Material supplied:
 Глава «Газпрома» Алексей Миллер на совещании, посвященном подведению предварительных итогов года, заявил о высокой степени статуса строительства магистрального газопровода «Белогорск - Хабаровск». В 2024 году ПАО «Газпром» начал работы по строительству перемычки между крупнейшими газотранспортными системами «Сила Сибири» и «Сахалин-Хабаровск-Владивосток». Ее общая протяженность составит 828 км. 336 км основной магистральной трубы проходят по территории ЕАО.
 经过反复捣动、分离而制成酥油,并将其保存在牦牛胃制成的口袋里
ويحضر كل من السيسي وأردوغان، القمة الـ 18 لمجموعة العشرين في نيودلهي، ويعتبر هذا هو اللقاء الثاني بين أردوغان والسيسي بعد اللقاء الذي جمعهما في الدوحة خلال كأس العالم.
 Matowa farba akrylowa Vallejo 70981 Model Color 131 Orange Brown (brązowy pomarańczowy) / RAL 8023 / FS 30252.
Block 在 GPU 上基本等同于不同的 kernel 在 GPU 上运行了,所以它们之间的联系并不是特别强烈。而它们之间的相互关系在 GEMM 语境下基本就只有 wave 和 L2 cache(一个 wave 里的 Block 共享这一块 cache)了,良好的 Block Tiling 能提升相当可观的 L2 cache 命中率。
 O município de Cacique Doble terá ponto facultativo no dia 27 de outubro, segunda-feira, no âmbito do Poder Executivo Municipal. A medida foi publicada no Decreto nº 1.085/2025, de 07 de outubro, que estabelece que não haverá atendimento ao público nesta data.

Exercise description: Copy out the line containing "Matowa farba akrylowa", then every line after it through the end of the listing, exactly and with nothing else.

Response:
 Matowa farba akrylowa Vallejo 70981 Model Color 131 Orange Brown (brązowy pomarańczowy) / RAL 8023 / FS 30252.
Block 在 GPU 上基本等同于不同的 kernel 在 GPU 上运行了,所以它们之间的联系并不是特别强烈。而它们之间的相互关系在 GEMM 语境下基本就只有 wave 和 L2 cache(一个 wave 里的 Block 共享这一块 cache)了,良好的 Block Tiling 能提升相当可观的 L2 cache 命中率。
 O município de Cacique Doble terá ponto facultativo no dia 27 de outubro, segunda-feira, no âmbito do Poder Executivo Municipal. A medida foi publicada no Decreto nº 1.085/2025, de 07 de outubro, que estabelece que não haverá atendimento ao público nesta data.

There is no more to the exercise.